Re: [PATCH] KVM: x86: fix singlestepping over syscall

[Date Prev][Date Next][Thread Prev][Thread Next][Date Index][Thread Index]

 



2017-06-22 23:10 GMT+08:00 Radim Krčmář <rkrcmar@xxxxxxxxxx>:
> From: Paolo Bonzini <pbonzini@xxxxxxxxxx>
>
> TF is handled a bit differently for syscall and sysret, compared
> to the other instructions: TF is checked after the instruction completes,
> so that the OS can disable #DB at a syscall by adding TF to FMASK.
> When the sysret is executed the #DB is taken "as if" the syscall insn
> just completed.
>
> KVM emulates syscall so that it can trap 32-bit syscall on Intel processors.

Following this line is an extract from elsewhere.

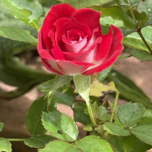 遅咲きの薔薇、岳の夢が咲いています😊いかにも薔薇らしい咲き方で赤い花びらの外側が白です💕消毒無しでもツヤツヤなお利口な子💓 ネットから。 岳の夢 ストロベリー&ホワイトの色鮮やかな花色で、たくさん蕾を付ける花束のような可愛らしい品種!花もちもよいです。うどん粉病・黒点病に強く、耐寒性・耐暑性もあるので、育てやすく初心者の方にもお勧めの品種です。ヨーロッパでもさまざまな賞を受賞している、優れた品種です。2009年ADR、他多数受賞。

We have a discussion to not expose syscall/sysret to Intel 32-bit
guest two years ago. https://lkml.org/lkml/2015/11/19/225 The
syscall/sysret just makes sense against long mode instead of
compatibility/legacy mode of Intel CPU. We will get a #UD in 32-bit
guest, and syscall emulation is introduced by commit 66bb2ccd (KVM:
x86 emulator: add syscall emulation) to handle it. So why we still
expose syscall/sysret to Intel 32-bit guest?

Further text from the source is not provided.